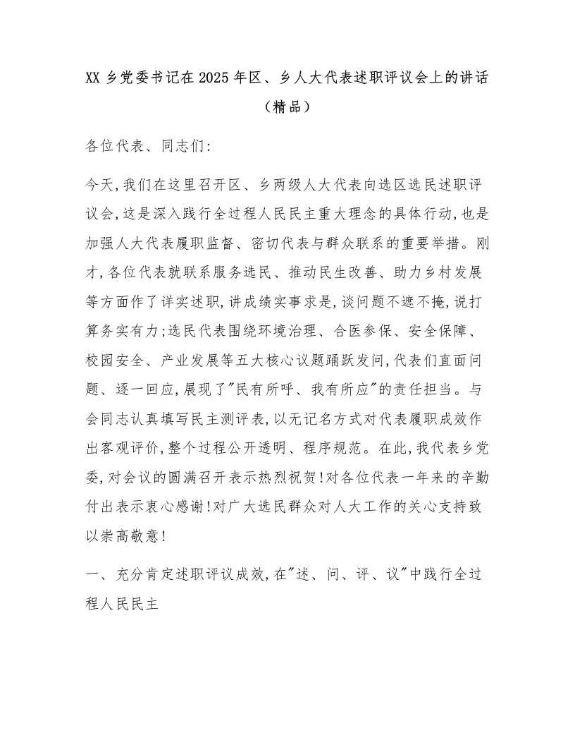 XX乡党委书记在2025年区、乡人大代表述职评议会上的讲话(精品)
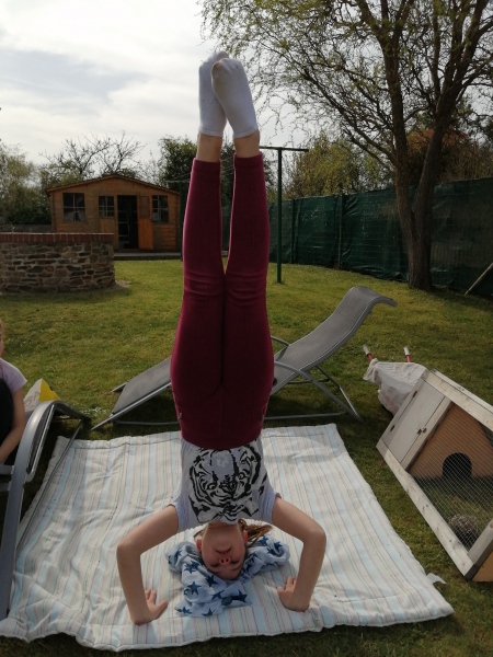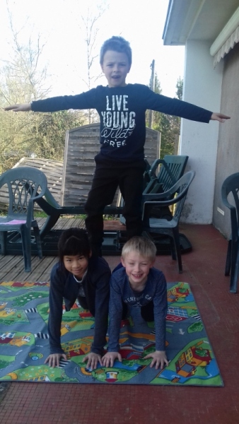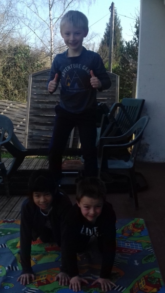 Malgré le confinement, les élèves de CE2-CM1-CM2 travaillent à distance. Ils continuent les séances d’acrogym à la maison. La consigne était la suivante: trouver le plus possible de positions avec un pied et une main au sol, un genou et une main au sol, le dos et un pied au sol, deux mains et un pied au sol.
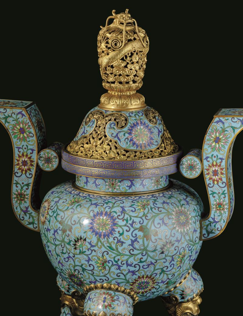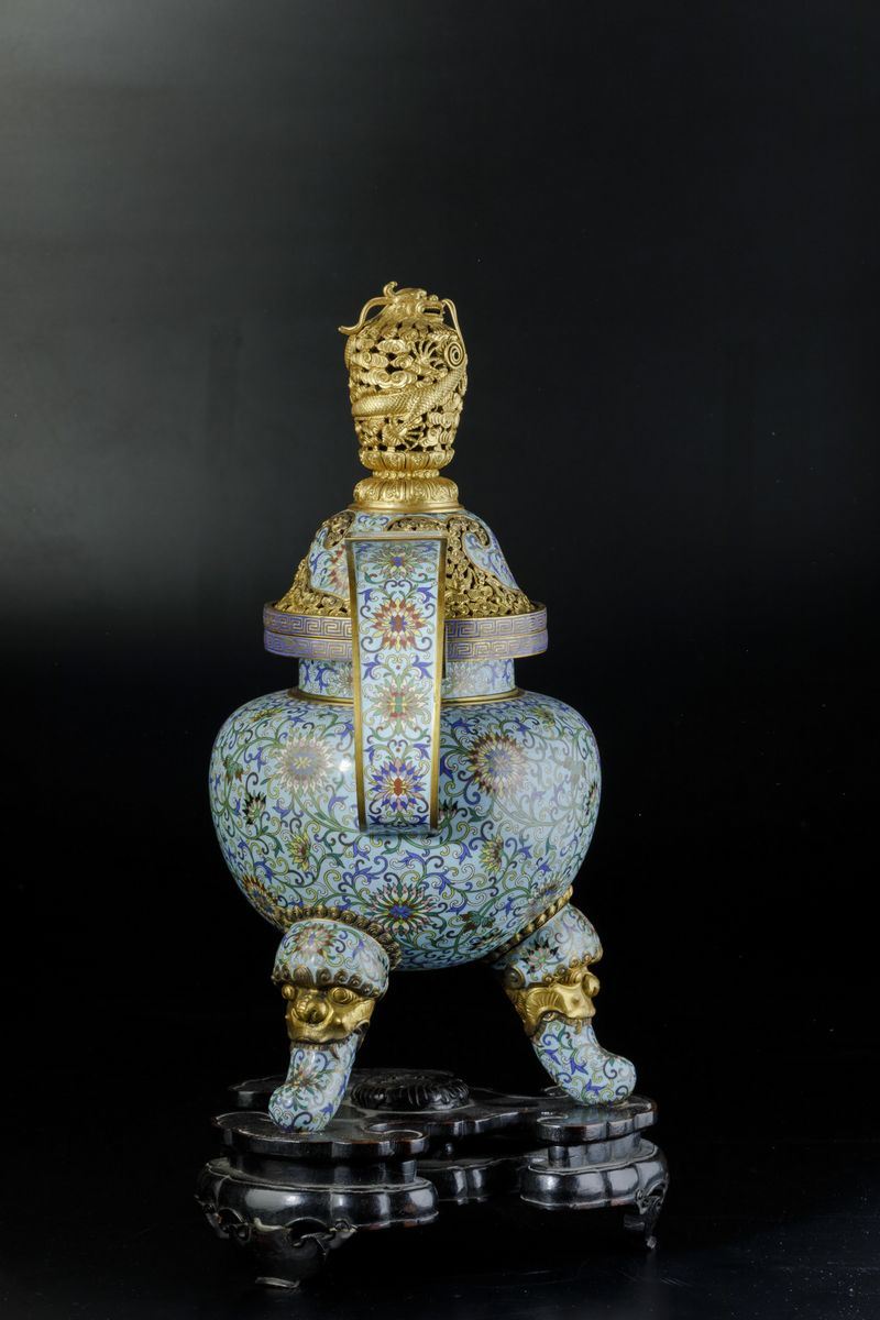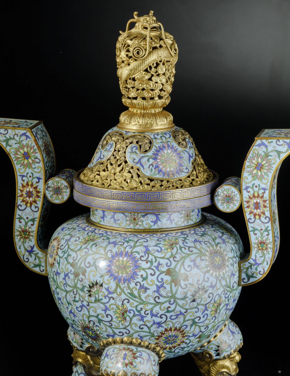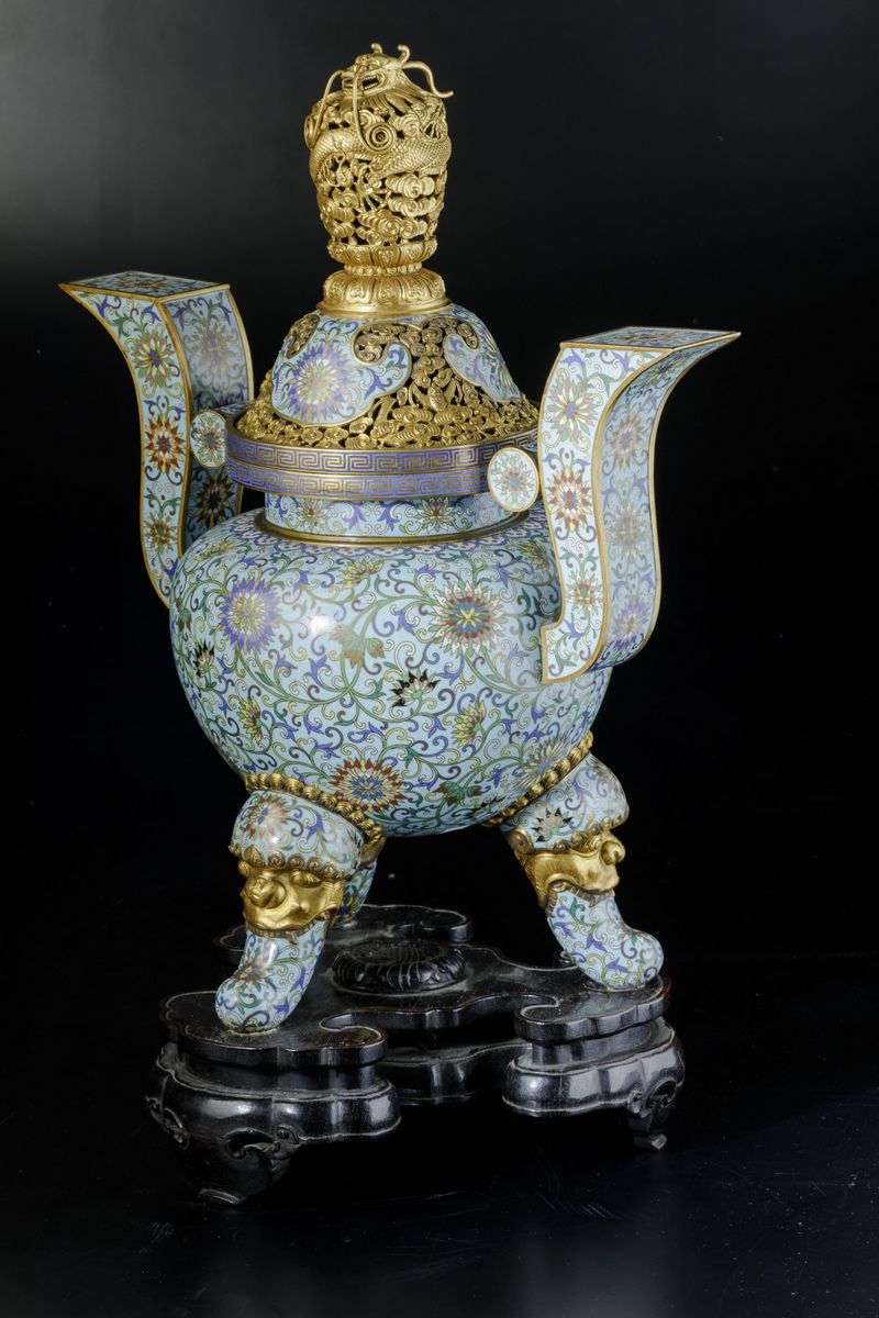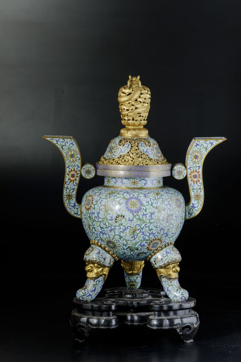 Grande incensiere tripode a smalti con decoro di fiori di loto su fondo azzurro e coperchio in bronzo dorato lavorato a traforo con drago tra le nuvole, Cina, Dinastia Qing, epoca Jiaqing (1796-1820)
····················
Every line above must be printed again exactly, pictures excluded.

 XX乡党委书记在2025年区、乡人大代表述职评议会上的讲话(精品)
 Malgré le confinement, les élèves de CE2-CM1-CM2 travaillent à distance. Ils continuent les séances d’acrogym à la maison. La consigne était la suivante: trouver le plus possible de positions avec un pied et une main au sol, un genou et une main au sol, le dos et un pied au sol, deux mains et un pied au sol.
 Grande incensiere tripode a smalti con decoro di fiori di loto su fondo azzurro e coperchio in bronzo dorato lavorato a traforo con drago tra le nuvole, Cina, Dinastia Qing, epoca Jiaqing (1796-1820)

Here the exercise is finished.